Using the data below, transcribe exactly everything from the line that contains "Brand: BestopPart Number: 54858-01Windshield" down to the line that contains "1、进入寻物模式关卡后,根据任务栏中的物件在场景中进行寻找隐藏物品。". Include both of those lines and none of the pictures.

** Opening Data to examine block **

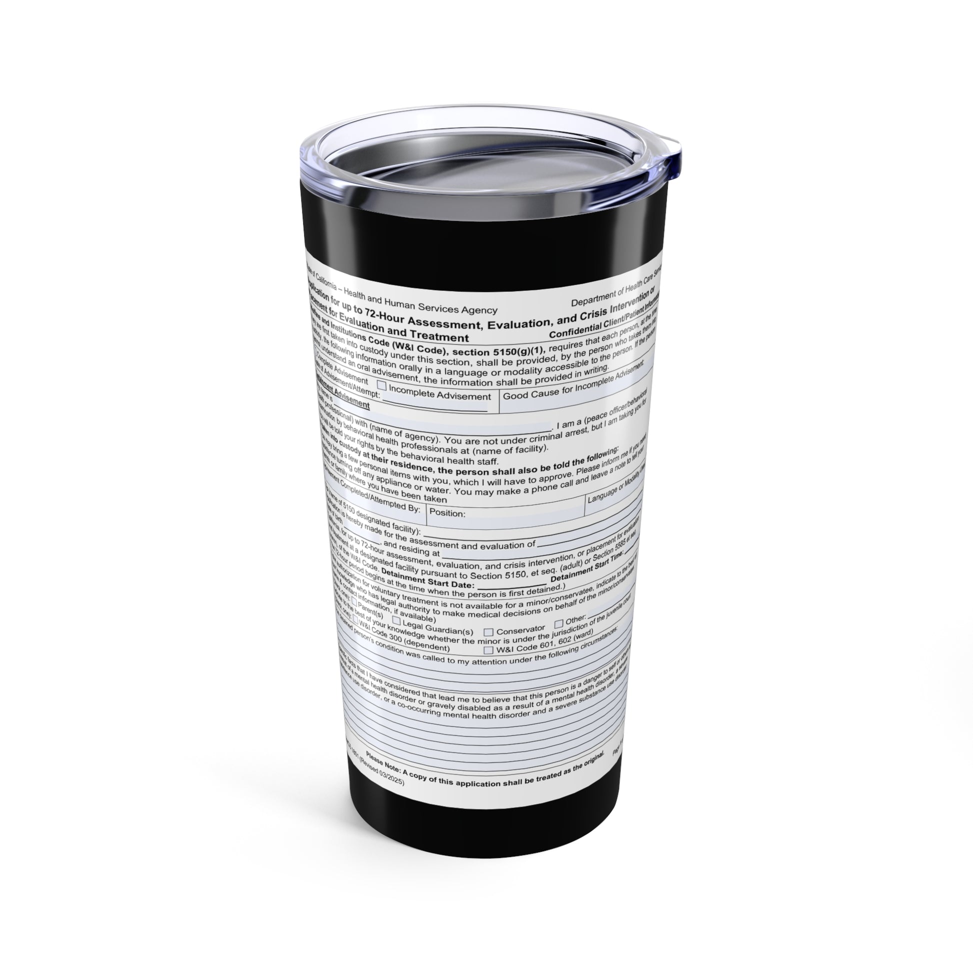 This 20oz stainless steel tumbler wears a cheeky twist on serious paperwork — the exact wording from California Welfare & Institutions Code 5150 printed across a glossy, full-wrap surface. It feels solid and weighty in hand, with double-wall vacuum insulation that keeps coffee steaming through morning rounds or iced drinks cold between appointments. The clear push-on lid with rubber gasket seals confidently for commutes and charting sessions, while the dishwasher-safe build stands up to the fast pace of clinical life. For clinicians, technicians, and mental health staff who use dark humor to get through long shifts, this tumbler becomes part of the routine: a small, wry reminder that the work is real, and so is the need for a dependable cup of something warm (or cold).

** Closing Data to examine block **
** Opening Data to examine block **

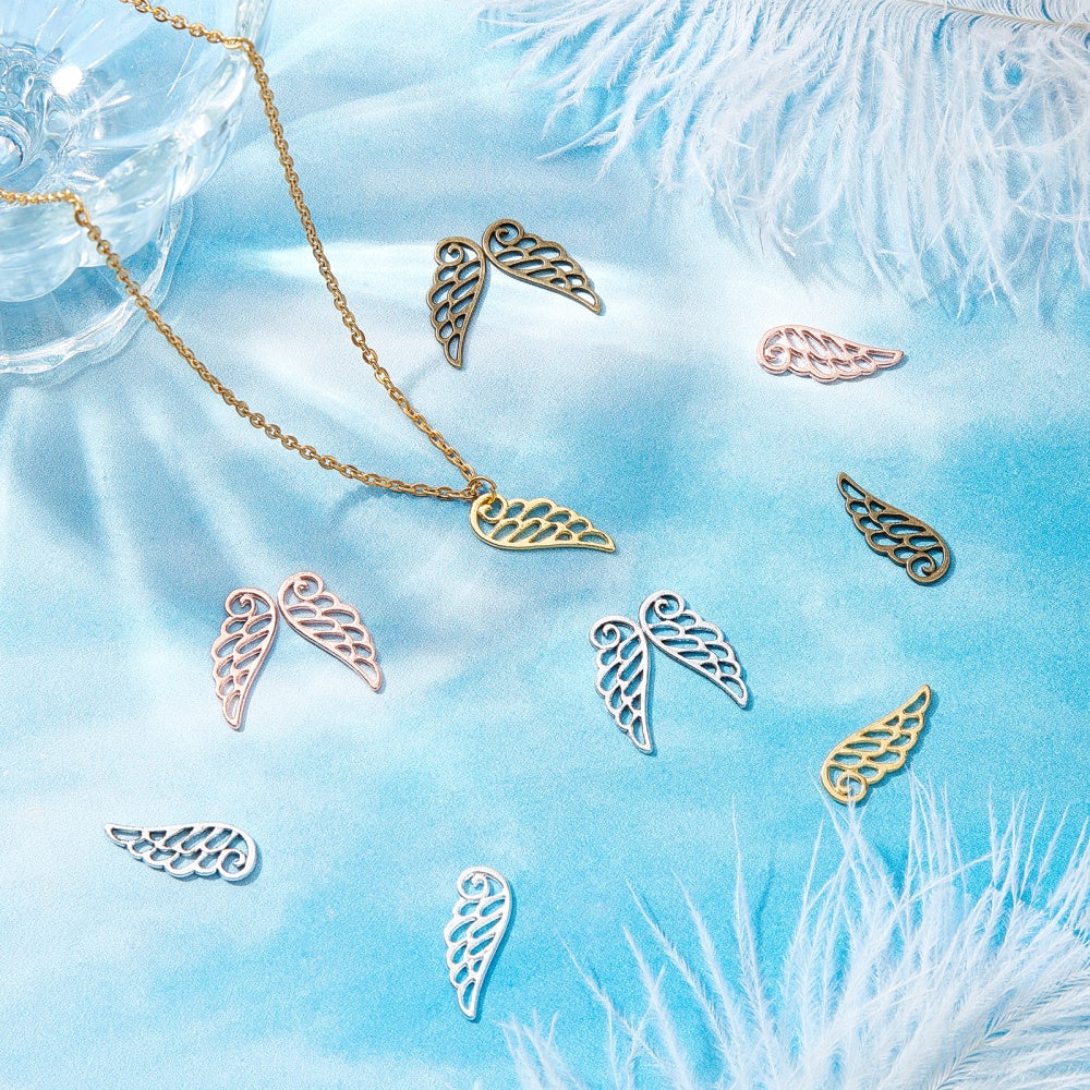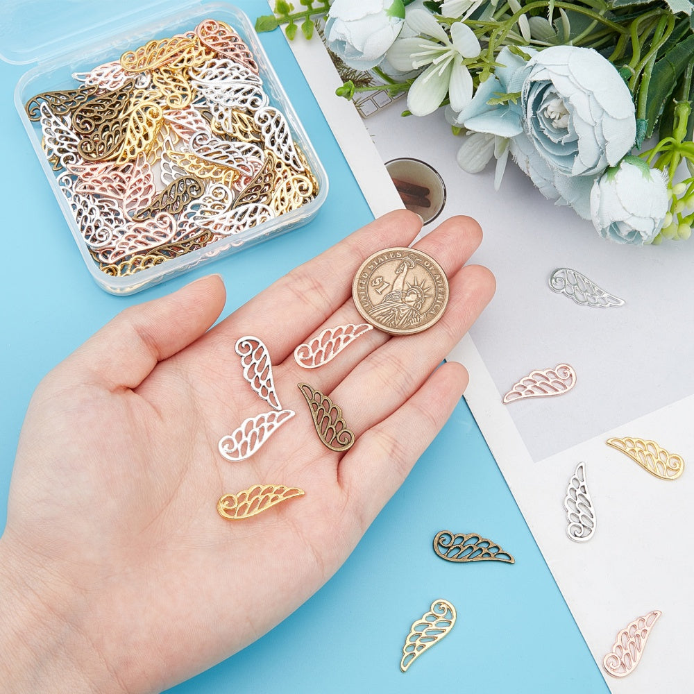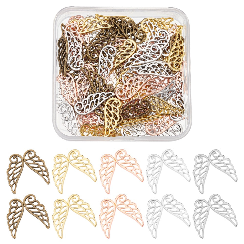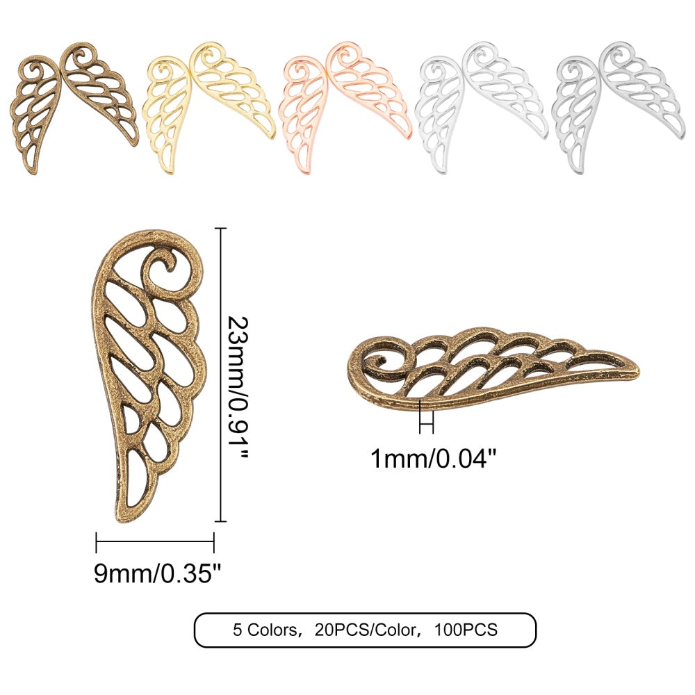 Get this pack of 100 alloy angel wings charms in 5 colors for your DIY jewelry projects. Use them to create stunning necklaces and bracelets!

** Closing Data to examine block **
** Opening Data to examine block **

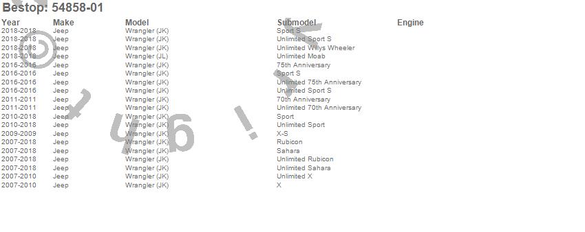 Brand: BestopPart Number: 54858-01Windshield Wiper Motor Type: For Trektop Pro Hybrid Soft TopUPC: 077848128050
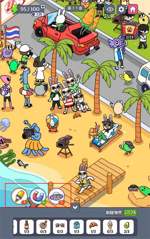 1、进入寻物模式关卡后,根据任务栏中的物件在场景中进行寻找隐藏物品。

** Closing Data to examine block **

Solution to this task -
 Brand: BestopPart Number: 54858-01Windshield Wiper Motor Type: For Trektop Pro Hybrid Soft TopUPC: 077848128050
 1、进入寻物模式关卡后,根据任务栏中的物件在场景中进行寻找隐藏物品。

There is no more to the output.